**Given records**
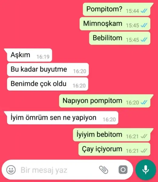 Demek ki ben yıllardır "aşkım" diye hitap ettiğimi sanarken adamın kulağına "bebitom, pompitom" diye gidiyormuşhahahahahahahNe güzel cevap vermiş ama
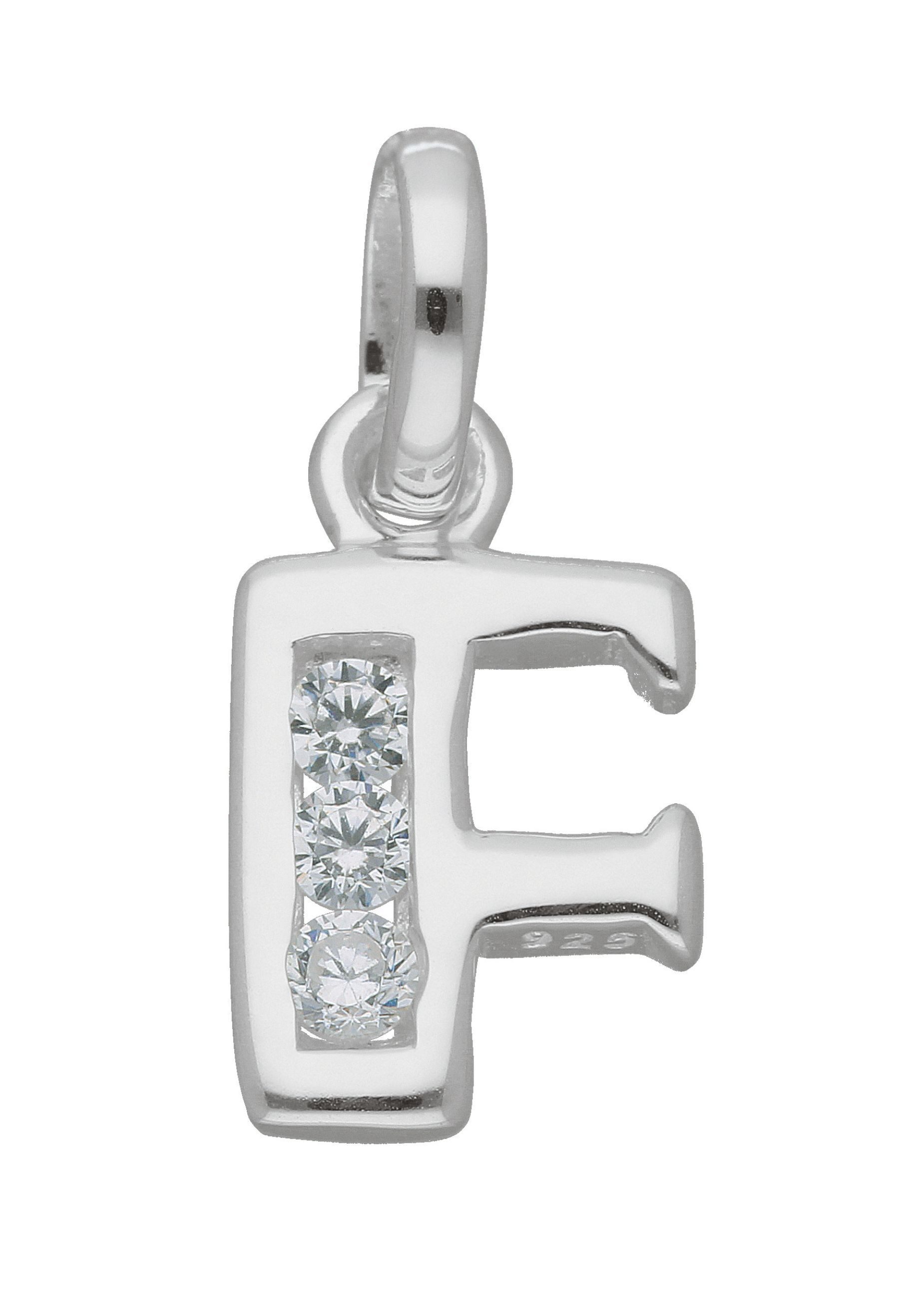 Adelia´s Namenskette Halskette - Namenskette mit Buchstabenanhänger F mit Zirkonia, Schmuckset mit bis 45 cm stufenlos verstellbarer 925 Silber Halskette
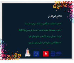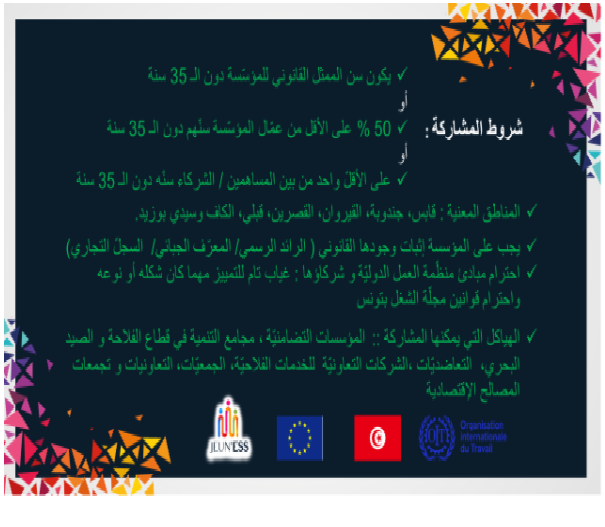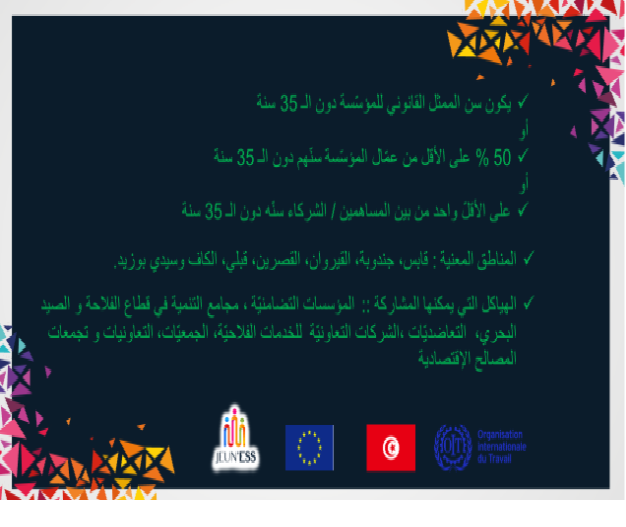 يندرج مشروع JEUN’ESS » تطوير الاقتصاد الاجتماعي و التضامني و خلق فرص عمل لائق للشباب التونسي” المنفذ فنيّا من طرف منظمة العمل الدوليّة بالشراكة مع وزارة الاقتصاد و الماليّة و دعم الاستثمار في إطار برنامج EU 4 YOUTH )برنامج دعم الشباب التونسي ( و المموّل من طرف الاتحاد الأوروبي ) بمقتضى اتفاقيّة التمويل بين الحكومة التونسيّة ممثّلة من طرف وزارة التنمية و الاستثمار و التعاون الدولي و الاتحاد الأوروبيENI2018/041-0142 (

==

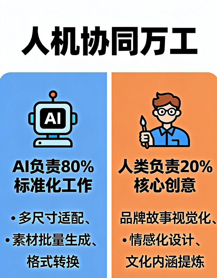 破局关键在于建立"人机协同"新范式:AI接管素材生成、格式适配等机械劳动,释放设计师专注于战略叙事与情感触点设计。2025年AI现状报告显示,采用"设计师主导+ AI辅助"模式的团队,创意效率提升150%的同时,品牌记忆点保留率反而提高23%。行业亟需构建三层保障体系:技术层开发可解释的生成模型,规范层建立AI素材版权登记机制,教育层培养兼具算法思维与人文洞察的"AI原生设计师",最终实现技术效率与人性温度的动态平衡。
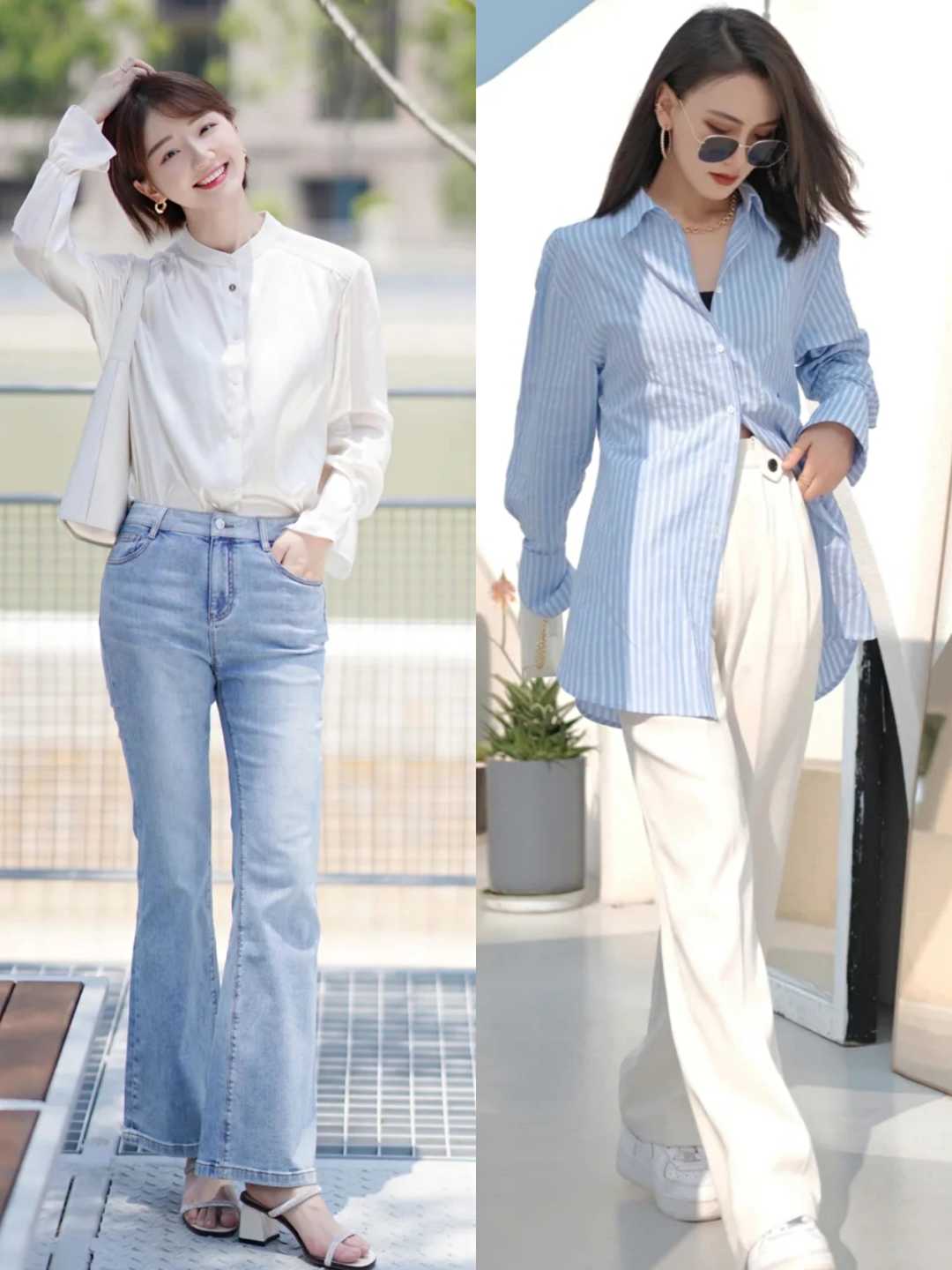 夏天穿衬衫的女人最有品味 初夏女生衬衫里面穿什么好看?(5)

...

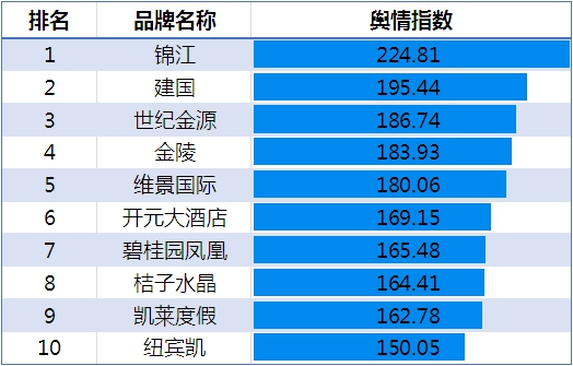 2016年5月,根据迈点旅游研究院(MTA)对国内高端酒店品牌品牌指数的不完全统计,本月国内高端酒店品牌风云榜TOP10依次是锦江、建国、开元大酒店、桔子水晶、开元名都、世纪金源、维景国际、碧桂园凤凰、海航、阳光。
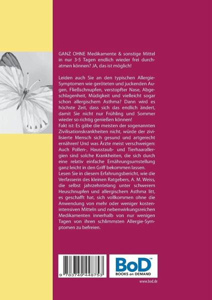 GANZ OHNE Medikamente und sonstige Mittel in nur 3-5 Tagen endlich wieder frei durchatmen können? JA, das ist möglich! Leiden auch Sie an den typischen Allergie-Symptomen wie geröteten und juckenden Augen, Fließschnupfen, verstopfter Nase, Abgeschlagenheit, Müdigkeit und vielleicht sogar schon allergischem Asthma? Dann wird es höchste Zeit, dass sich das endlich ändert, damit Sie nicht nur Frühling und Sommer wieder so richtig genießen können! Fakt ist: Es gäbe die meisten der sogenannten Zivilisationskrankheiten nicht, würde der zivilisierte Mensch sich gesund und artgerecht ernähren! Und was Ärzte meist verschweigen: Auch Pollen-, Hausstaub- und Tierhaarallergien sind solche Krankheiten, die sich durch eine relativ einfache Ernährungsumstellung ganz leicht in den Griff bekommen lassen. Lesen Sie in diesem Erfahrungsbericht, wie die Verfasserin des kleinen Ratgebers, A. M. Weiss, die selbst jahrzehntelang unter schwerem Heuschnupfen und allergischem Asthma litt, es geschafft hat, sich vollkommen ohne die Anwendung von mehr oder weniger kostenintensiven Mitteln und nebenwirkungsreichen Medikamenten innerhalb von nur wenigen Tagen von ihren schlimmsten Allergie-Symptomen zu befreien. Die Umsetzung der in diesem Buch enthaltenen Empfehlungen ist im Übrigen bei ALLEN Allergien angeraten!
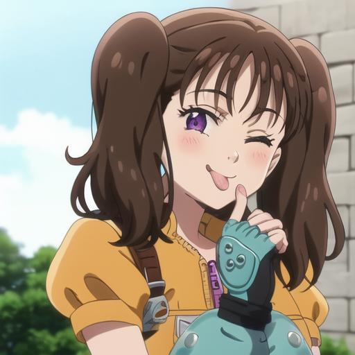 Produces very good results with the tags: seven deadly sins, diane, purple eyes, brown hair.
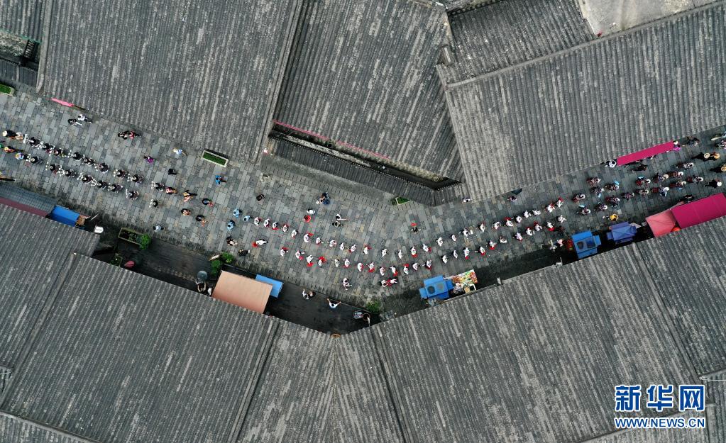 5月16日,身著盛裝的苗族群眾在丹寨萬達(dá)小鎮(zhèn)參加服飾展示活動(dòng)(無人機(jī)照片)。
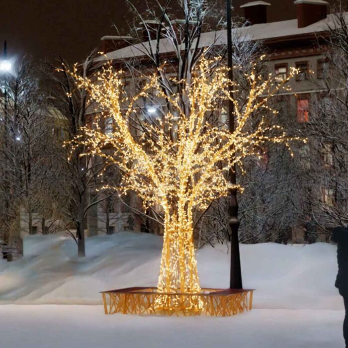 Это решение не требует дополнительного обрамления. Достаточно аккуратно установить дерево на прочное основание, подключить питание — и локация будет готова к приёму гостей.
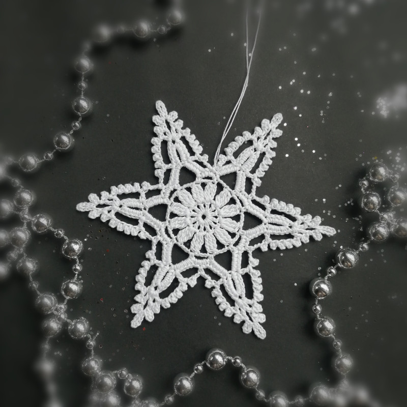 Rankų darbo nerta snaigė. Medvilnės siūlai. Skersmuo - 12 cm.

**Exercise directions**
Reproduce the data above exactly, but only from the line containing "Adelia´s Namenskette Halskette" through the line containing "يندرج مشروع JEUN’ESS". Omit all pictures.

**Answer section**
 Adelia´s Namenskette Halskette - Namenskette mit Buchstabenanhänger F mit Zirkonia, Schmuckset mit bis 45 cm stufenlos verstellbarer 925 Silber Halskette
 يندرج مشروع JEUN’ESS » تطوير الاقتصاد الاجتماعي و التضامني و خلق فرص عمل لائق للشباب التونسي” المنفذ فنيّا من طرف منظمة العمل الدوليّة بالشراكة مع وزارة الاقتصاد و الماليّة و دعم الاستثمار في إطار برنامج EU 4 YOUTH )برنامج دعم الشباب التونسي ( و المموّل من طرف الاتحاد الأوروبي ) بمقتضى اتفاقيّة التمويل بين الحكومة التونسيّة ممثّلة من طرف وزارة التنمية و الاستثمار و التعاون الدولي و الاتحاد الأوروبيENI2018/041-0142 (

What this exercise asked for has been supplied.